Hi Adam,
We’re using the Radxa SiRider S1 development board, which is based on the Rockchip RK3588 SoC. You can find more details here: https://arace.tech/products/radxa-sirider-s1. The CPU consists of 4 Cortex-A76 cores and 2 Cortex-A55 cores.
Best, Stephen.yang
At 2025-10-06 06:00:44, "Adam Lackorzynski" adam@l4re.org wrote:
Hi Stephen,
I doubt this is hardware, it seldomly is. Would you be able to share which Arm core it is if you can? I'll try to reproduce here, your indication of increasing the timer frequency is a good hint. And knowing which core or at least category of core can be helpful.
BR, Adam
On Thu Oct 02, 2025 at 13:02:50 +0800, yy18513676366 wrote:
Hi Adam,
I truly appreciate your reply. I actually encountered this issue on real hardware rather than QEMU. May I ask if this problem could be related to the hardware itself? I’m not quite sure I fully understand.
Best regards Stephen.yang
在 2025-09-30 15:50:22,"Adam Lackorzynski" adam@l4re.org 写道:
Hi Stephen,
ok, thanks, that's tricky indeed.
In case you are doing this with QEMU, could you please make sure you have the following change in your QEMU?: https://lists.gnu.org/archive/html/qemu-devel/2024-09/msg02207.html
Or do you see this on hardware?
Thanks, Adam
On Tue Sep 30, 2025 at 11:14:57 +0800, yy18513676366 wrote:
Hi Adam,
Thank you very much for your reply — it really gave me some hope.

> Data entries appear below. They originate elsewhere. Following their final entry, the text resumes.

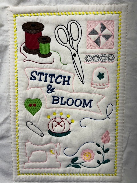 A test block for my upcoming SAL, Stitch & Bloom. It looks a little wonky but it really is square. I digitized this block and stitched it out and found several places to improve on. My plan is to provide blocks that can be appliqued or stitched on an embroidery machine.
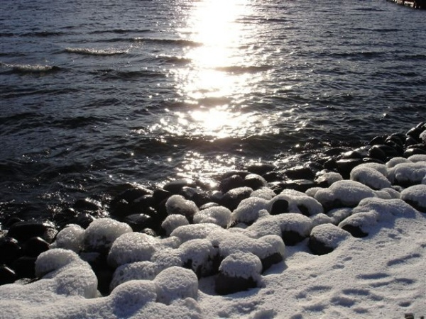 またまた、中禅寺湖畔ですが、湖面の太陽の道と石の上の雪。
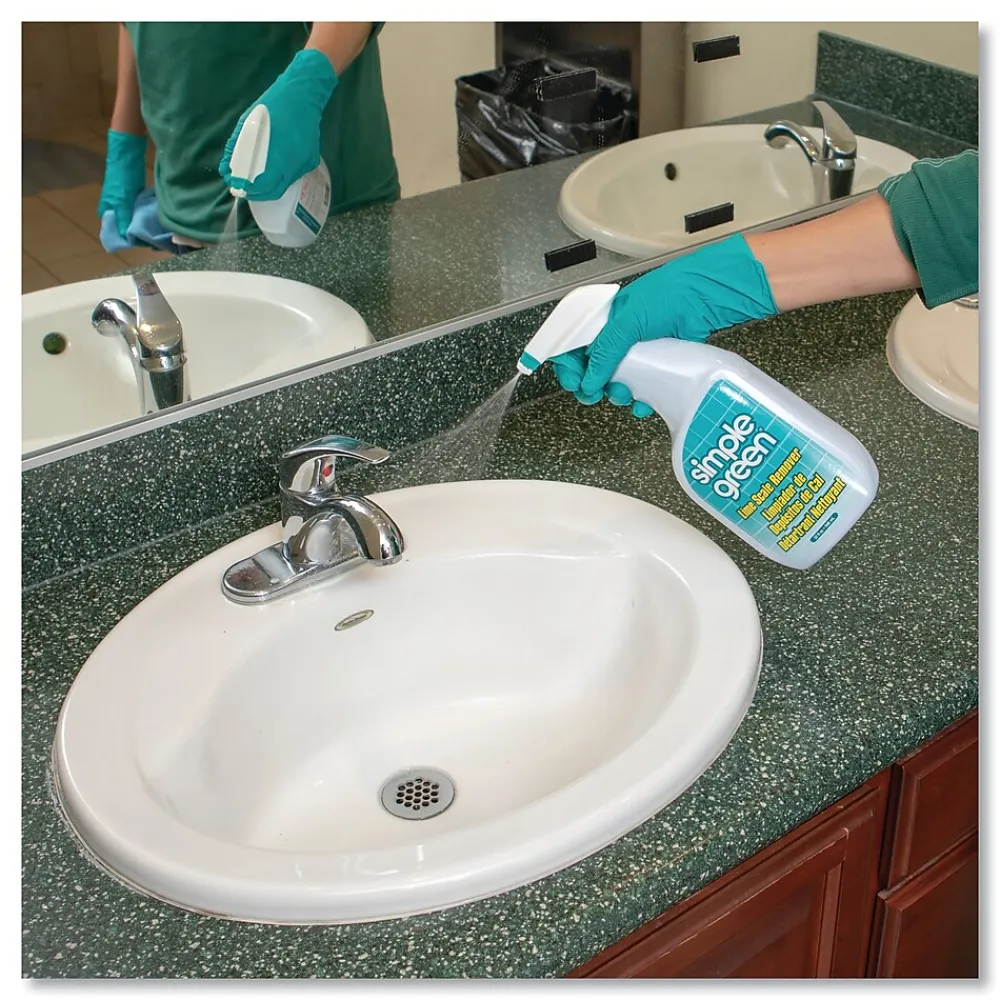 Simple Green Lime Scale Remover uses an organic salt formula to dissolve lime scale, mineral deposits, hard water stains, soap scum and oxidation. The non-abrasive formula won’t strip protective finishes, cause discoloration, etch or damage sensitive surfaces like other harsh descalers.
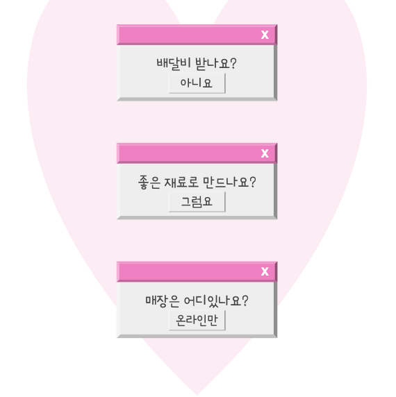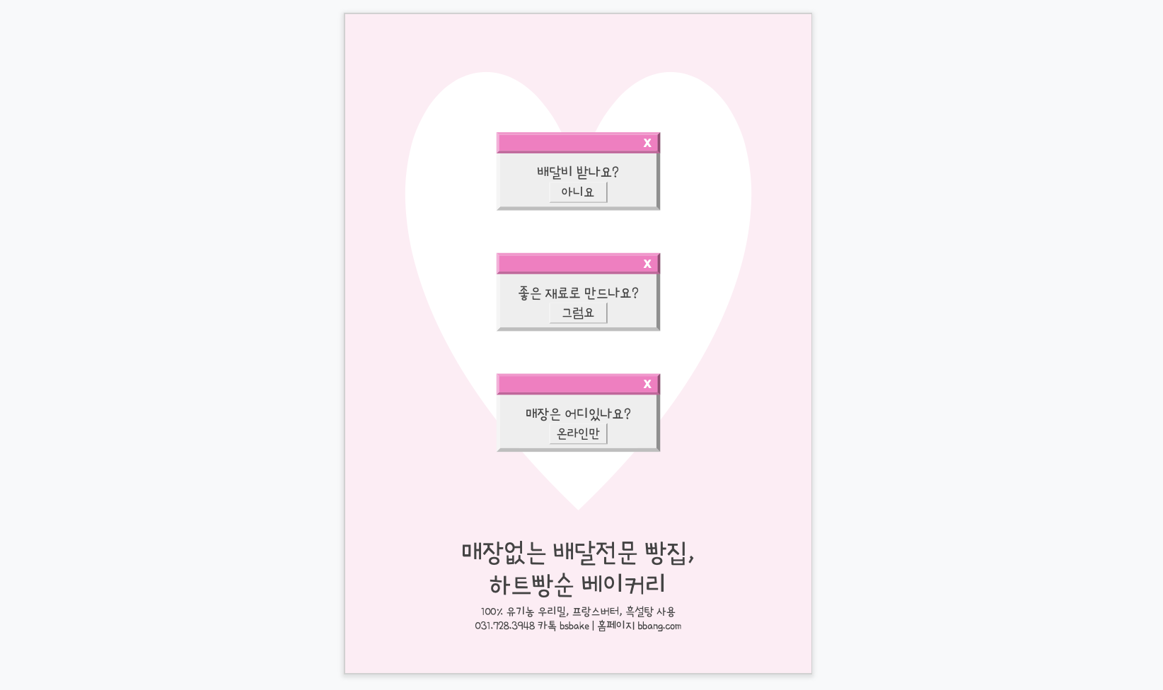 좋은 재료로 만드나요? 그럼요 X 매장은 어디있나요? 온라인만 X 배달비 받나요? 아니요 X 매장없는 배달전문 빵집, 하트빵순 베이커리 100% 유기농 우리밀, 프랑스버터, 흑설탕 사용 031.728.3948 카

This issue is indeed difficult to reproduce reliably, which has been one of the main challenges during my debugging. So far, I have found that increasing the vtimer interrupt frequency, while keeping the traditional handling mode (i.e., without direct injection), makes the problem significantly easier to reproduce.
The relevant changes are as follows. 1、In this setup, the vtimer is adjusted from roughly one trigger per millisecond to approximately one trigger per microsecond, and the system remains stable and functional:
diff --git a/src/kern/arm/timer-arm-generic.cpp b/src/kern/arm/timer-arm-generic.cpp index a040cf46..b4cbbceb 100644 --- a/src/kern/arm/timer-arm-generic.cpp +++ b/src/kern/arm/timer-arm-generic.cpp @@ -64,7 +64,8 @@ void Timer::init(Cpu_number cpu) if (cpu == Cpu_number::boot_cpu()) { _freq0 = frequency();
_interval = Unsigned64{_freq0} * Config::Scheduler_granularity / 1000000;
//_interval = Unsigned64{_freq0} * Config::Scheduler_granularity / 1000000;_interval = Unsigned64{_freq0} * Config::Scheduler_granularity / 1000000000; printf("ARM generic timer: freq=%ld interval=%ld cnt=%lld\n", _freq0, _interval, Gtimer::counter()); assert(_freq0);2、In addition, I selected the mode where interrupts are not directly injected: diff --git a/src/Kconfig b/src/Kconfig index 4391c996..55deeb1c 100644 --- a/src/Kconfig +++ b/src/Kconfig @@ -367,7 +367,7 @@ config IOMMU config IRQ_DIRECT_INJECT bool "Support direct interrupt forwarding to guests" depends on CPU_VIRT && HAS_IRQ_DIRECT_INJECT_OPTION
default y
default n help Adds support in the kernel to allow the VMM to let Fiasco directly forward hardware interrupts to a guest. This enables just theAt the moment, this is the only way I have found that can noticeably increase the reproduction rate. Once again, thank you for your valuable time and feedback!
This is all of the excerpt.